**Goal of the exercise**
When the line with "Referanse:: E8408Oppdag den" turns up below, begin repeating exactly, and carry on through the line with "Lady Gaga performs"; no pictures go into the copy.

**Dataset section**

------------------------------------------------------------------------

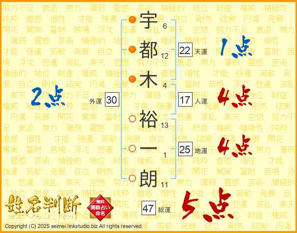 宇(6画)都(12画)木(4画) 裕(13画)一(1画)朗(11画)
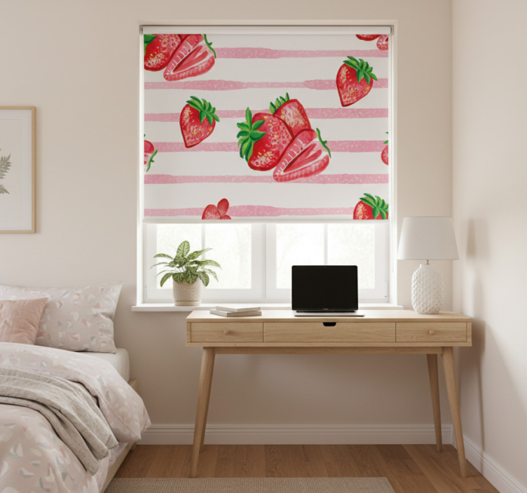 Referanse:: E8408Oppdag den fantastiske rullegardin kjøkken sømløse jordbær på stripete bakgrunn, som kombinerer et lekent design med funksjonalitet! Denne rullegardinen har en grafisk stil med søte jordbær mot en strålende stripete bakgrunn, noe som gir en frisk og livlig atmosfære til kjøkkenet. Den er enkel å rengjøre og demontere med bare to klikk, noe som gjør det praktisk å holde vinduet og omgivelsene rene. I tillegg gir den beskyttelse mot direkte sollys og kan senkes for å gi deg ønsket personvern, samtidig som den lar romtemperaturen reguleres.
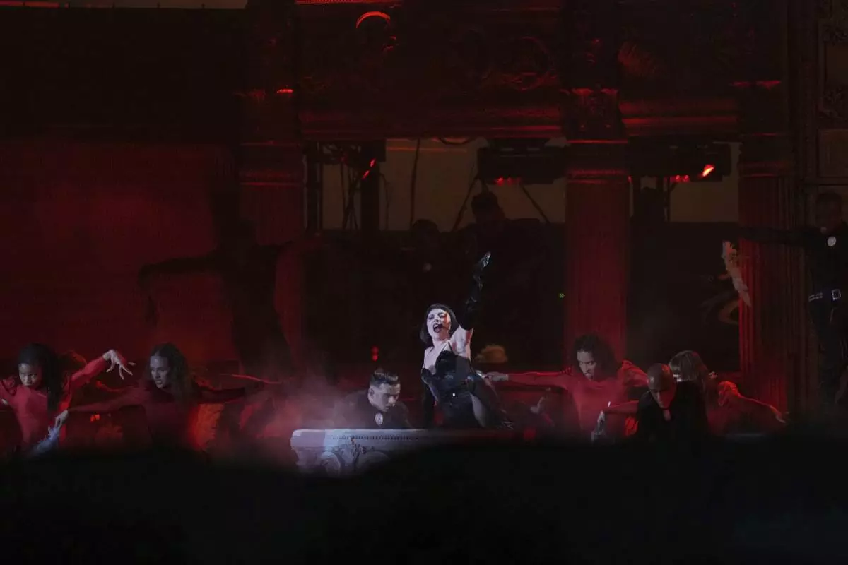 Lady Gaga performs during her free concert on Copacabana Beach in Rio de Janeiro, Saturday, May 3, 2025. (AP Photo/Silvia Izquierdo)
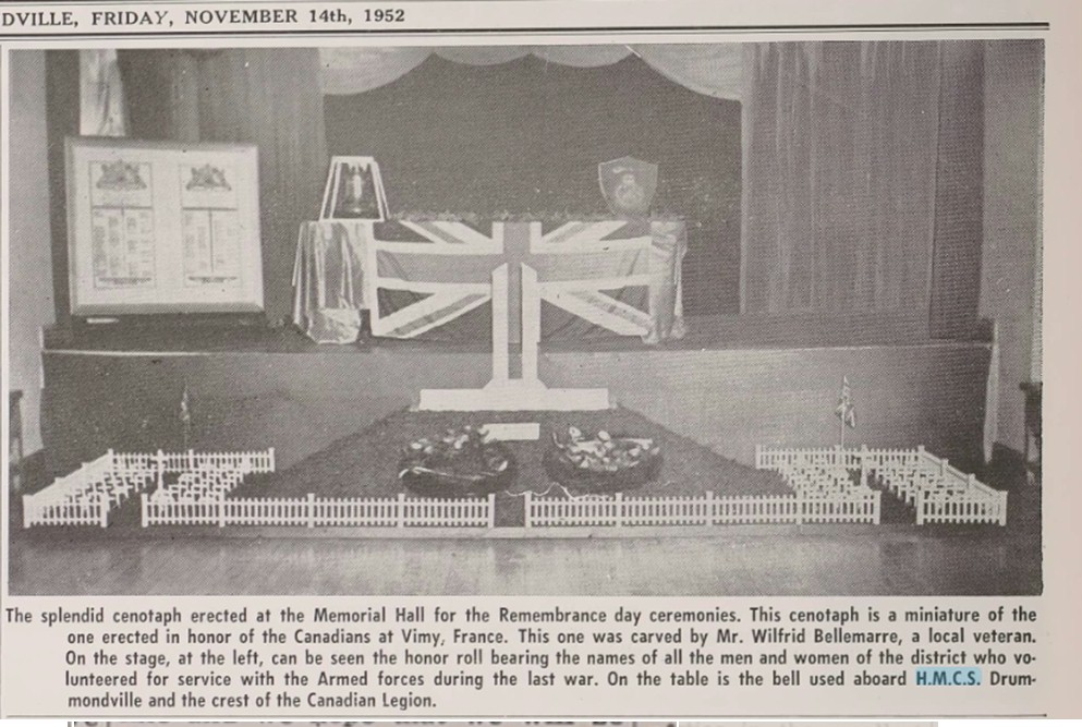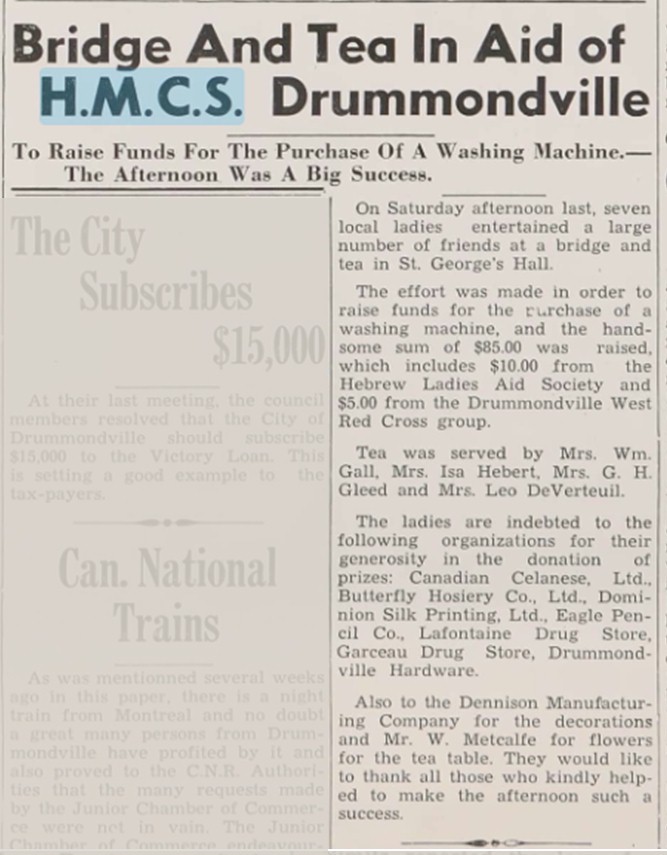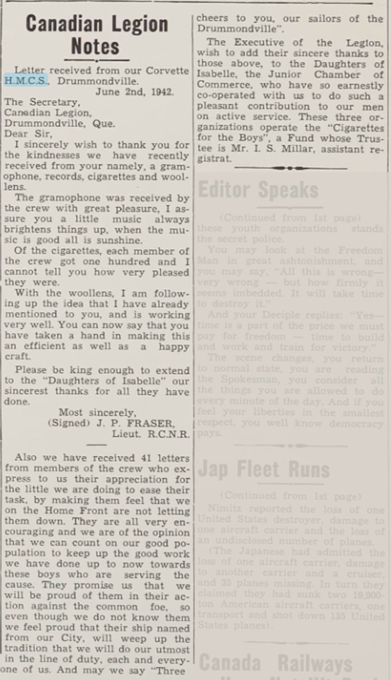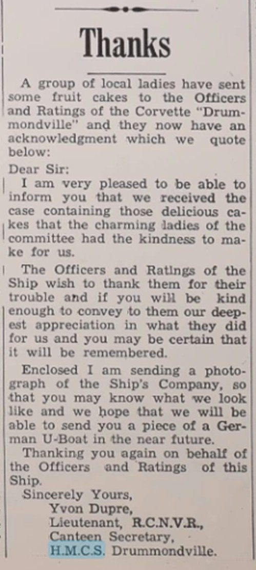 (DMV004) Letters of thanks from HMCS DRUMMONDVILLE for a gramophone, records, cigarettes and woollens // The Spokesman Journal 12 Jun 1942 (DMV005) Bridge and Tea in Aid of HMCS DRUMMONDVILLE // The Spokesman Journal 29 Sep 1943 (DMV006) Letter of Thanks from HMCS DRUMMONDVILLE for fruitcakes sent to the ship // The Spokesman Journal 15 Oct 1943 (DMV007) Remembrance Day cenotaph that included the ship's bell of HMCS DRUMMONDVILLE // The Spokesman Journal 14 Nov 1952 (DMV008) A brief history of HMCS DRUMMONDVILLE by Jean Thibault // Click here to read the translation by Ted Whitehouse Research by Stéphanie Courchesne for the Société d'histoire de Drummond Courtesy of Ted Whitehouse

------------------------------------------------------------------------

**Answer section**
 Referanse:: E8408Oppdag den fantastiske rullegardin kjøkken sømløse jordbær på stripete bakgrunn, som kombinerer et lekent design med funksjonalitet! Denne rullegardinen har en grafisk stil med søte jordbær mot en strålende stripete bakgrunn, noe som gir en frisk og livlig atmosfære til kjøkkenet. Den er enkel å rengjøre og demontere med bare to klikk, noe som gjør det praktisk å holde vinduet og omgivelsene rene. I tillegg gir den beskyttelse mot direkte sollys og kan senkes for å gi deg ønsket personvern, samtidig som den lar romtemperaturen reguleres.
 Lady Gaga performs during her free concert on Copacabana Beach in Rio de Janeiro, Saturday, May 3, 2025. (AP Photo/Silvia Izquierdo)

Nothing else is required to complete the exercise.